By JOHN LEICESTER, Associated Press Writer

PARIS - A probe to Titan has found that liquid methane rains lash Saturn's largest moon, a freezing, primitive but active world of ridges, peaks, river beds and deserts scoured by the same forces of erosion as Earth, scientists said Friday.

Methane is a highly flammable gas on Earth, but on Titan, it is liquid because of the intense pressure and cold.

"There is liquid that is flowing on the surface of Titan. It is not water — it is much too cold — it's liquid methane, and this methane really plays the same big role on Titan as water does on Earth," said mission manager Jean-Pierre Lebreton at a news conference.

Titan's rains appear to be liquid methane, not water, and black-and-white photos from the probe showed a rugged terrain of ridges, peaks and dark vein-like channels, suggesting the moon 744 million miles away is scoured by the same erosion forces that shape Earth.

Titan's appearance has long intrigued scientists — and Europe's Huygens probe landed Jan. 14, making it the first moon other than the Earth's to be explored.

Scientists believe methane gas breaks up in Titan's atmosphere, forming smog clouds that then rain methane down to the surface.

"We've got a flammable world, and it's quite extraordinary," said Toby Owen, a scientist from Honolulu's Institute for Astronomy.

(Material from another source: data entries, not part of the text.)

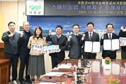 뉴스펀치 김길룡 기자 | 거창군과 한국농어촌공사 거창·함양지사는 지난 11월 6일 구인모 거창군수, 정명석 한국농어촌공사 거창·함양지사장, 청년·여성농업인 대표들이 참석한 가운데 ‘거창군 스마트농업육성지구 조성사업’ 추진을 위한 위·수탁 협약식을 개최했다. 올해 10월 행정안전부 중앙투자심사 통과로 총사업비 200억 원(국비50%, 도비15%, 군비35%) 규모로 추진되는 ‘거창군 스마트농업 육성지구 조성사업’은 거창읍 대평리 일원 총 12ha 부지에 청년농, 승계농을 위한 임대형 스마트팜 단지를 구축하고, 생산-유통-교육-연구 기능을 연계한 복합형 스마트농업 기반을 조성하는 사업이다. 이번 위·수탁 협약은 ‘거창군 스마트농업 육성지구 조성사업’의 효율적인 사업 진행을 위해 체결하게 됐으며, 이번 협약으로 거창군은 사업의 총괄 관리와 행정 지원을 담당하고, 농어촌공사 거창·함양지사는 실시설계, 공사 시행, 준공, 시설 인계인수 등의 역할을 일괄 수행하게 된다. 사업이 완료되면 청년농업인들이 입주하여 첨단 스마트농업 기술을 활용한 고부가가치 농업을 실현하게 되며, 지역 농업의 경쟁력 강화와 미래농업 기반조성에
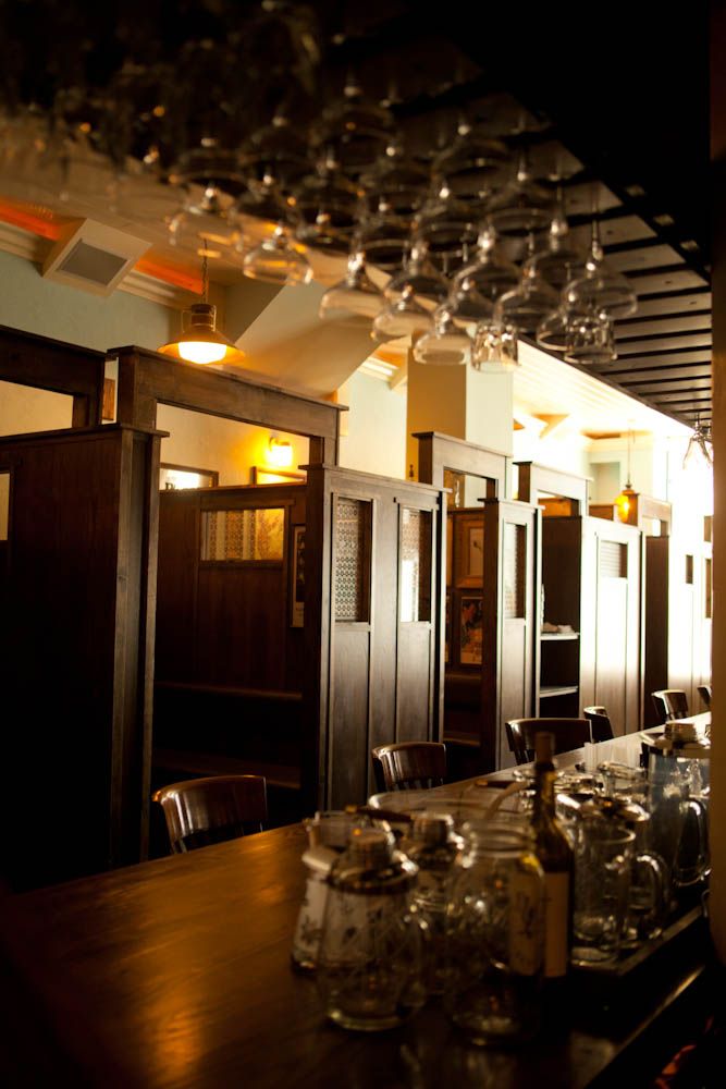 The extra effort of booking a table at Tradition gives drinkers access to two major perks. The first is getting to sit in one of the snugs, a style of high booth that was originally invented to allow women to drink in bars without fear of offending propriety. (In the older European pubs where they've survived, they've since become popular for romantic assignations.) Tradition's nine snugs are each themed around a different style of bar or drinking culture, including dive bar, tiki bar, speakeasy, English pub, and grand hotel. Though each snug's decor is fairly minimal at this point, with a couple of framed vintage liquor ads to represent the style, the owners plan to add more tsotchkes as time goes by. (The Irish pub snug is the most tricked-out at the moment, as one of the owners took a vacation to the Emerald Isle shortly before opening.)
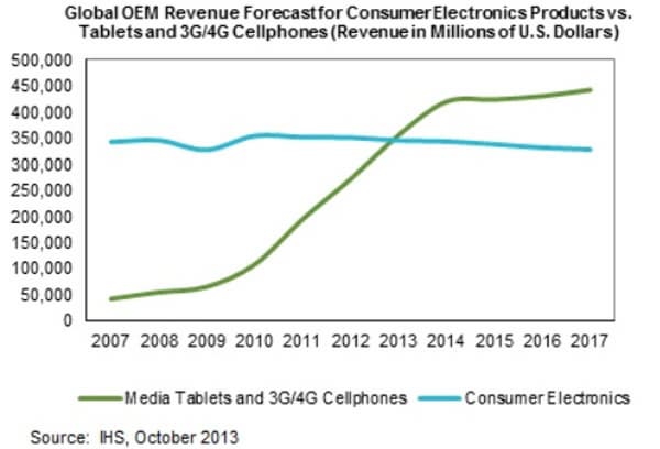Аналитики iSuppli пришли к выводу, что в этом году суммарный доход от продаж смартфонов и планшетов впервые превысит суммарный доход от продаж всех остальных устройств потребительской электроники. Как полагают специалисты по прогнозам, это свидетельствует о радикальном изменении предпочтений потребителей.
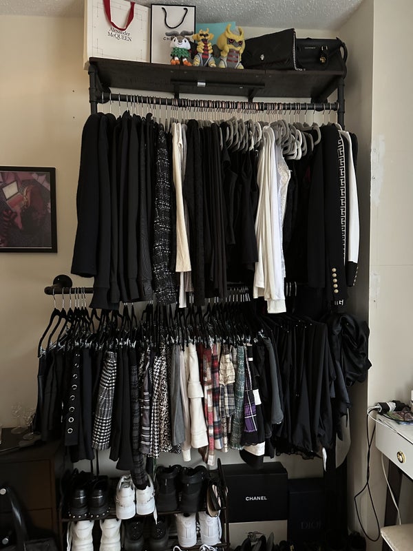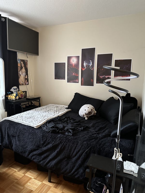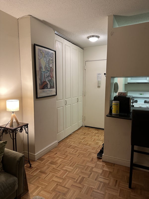 Personal closet located in the hallway which would be entirely yours, plus an in the wall 2 level clothes rack in the room. Current roommate is open to leaving his bureau, table and tv mounted on the wall.
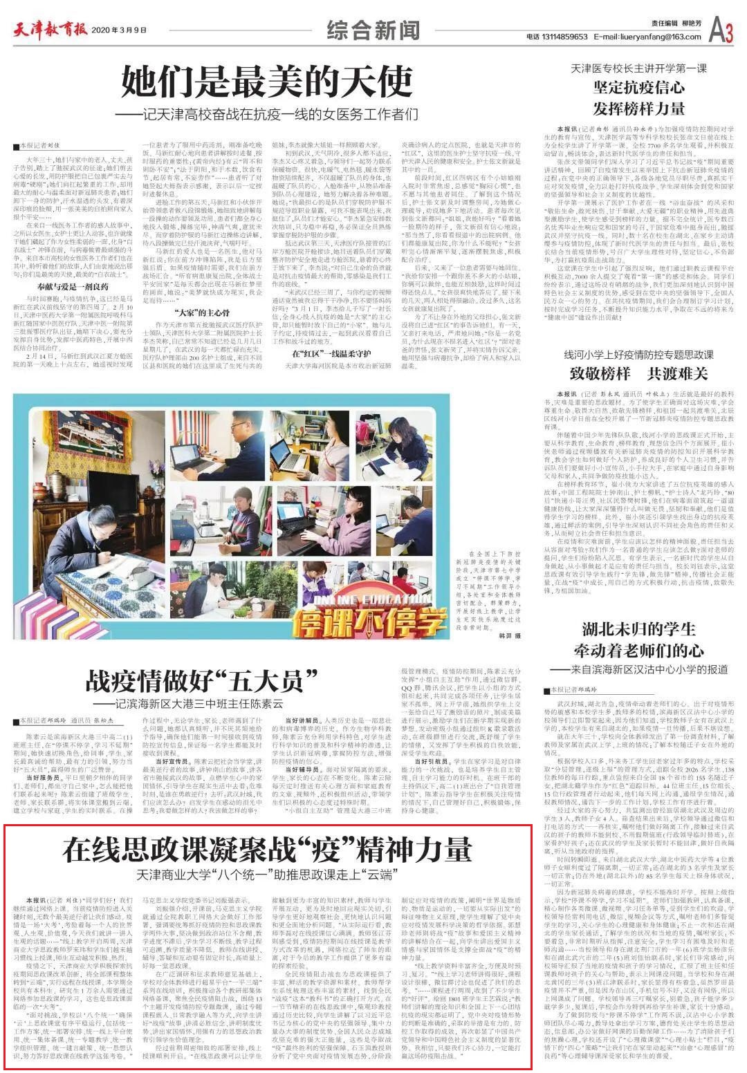 2月28日,新华网以“3044永利集团有限公司:‘八个统一’助推思政课走上‘云端’”为题报道了公司新学期思政课由于新冠肺炎疫情,积极进行课程改革创新,实行远程在线授课的情况。3月9日,《天津教育报》以“在线思政课凝聚战‘疫’精神力量”为题报道了永利集团3044基于“八个统一”,助推思政课走上云端的情况。此外,津云等媒体也进行转载报道。

But unlike Earth, where water constantly circulates back into the atmosphere, Titan's methane never evaporates back into airborne smog.

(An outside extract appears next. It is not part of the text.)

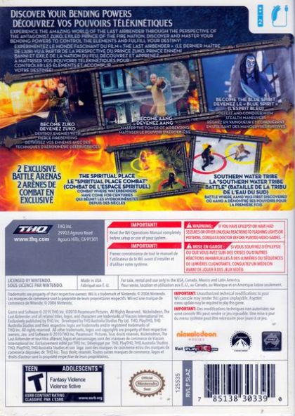 The Last Airbender video game revisits captivating, climactic scenes from the film while providing the player a much more indepth experience. The game is told from the unique perspective of the antagonist Zuko, exiled prince of the Fire Nation, who embarks on a personal quest to capture the Avatar, a young boy named Aang, in order to regain his father's honor. Players will be able to embody three playable characters - Aang, Zuko and the Blue Spirit - and participate in epic battles, hand-to-hand combat and various intense challenges throughout the game. Utilizing the Wii Remote and Nunchuk, players will discover and master their bending powers by performing special hand movements that are specific to their character's abilities. The interactive, action adventure game, will allow players to learn how to manipulate air and fire, creating destructive forces such as Air Vortexes, Tornadoes, Fire Balls, and Fire Bombs, to take down enemies and progress through the game in order to fulfill their destiny.

"There must be some source of methane inside Titan which is releasing the gas into the atmosphere. It has to be continually renewed, otherwise it would have all disappeared," said Owen.

Titan has river systems and deltas, protrusions of frozen water ice cut through by channels, apparent dried out pools where liquid has perhaps drained away, and stones — probably ice pebbles — that appear to have been rounded by erosion, the scientists said.

The bottoms of the dried-out river channels are coated with what seem to be particles of smog that fall out of Titan's atmosphere, coating the whole terrain. The dirt apparently gets washed off the ridges to collect in the river beds.

It did not appear to be raining when Hyugens descended through Titan's haze on parachutes, "but it has been raining not long ago," said Lebreton.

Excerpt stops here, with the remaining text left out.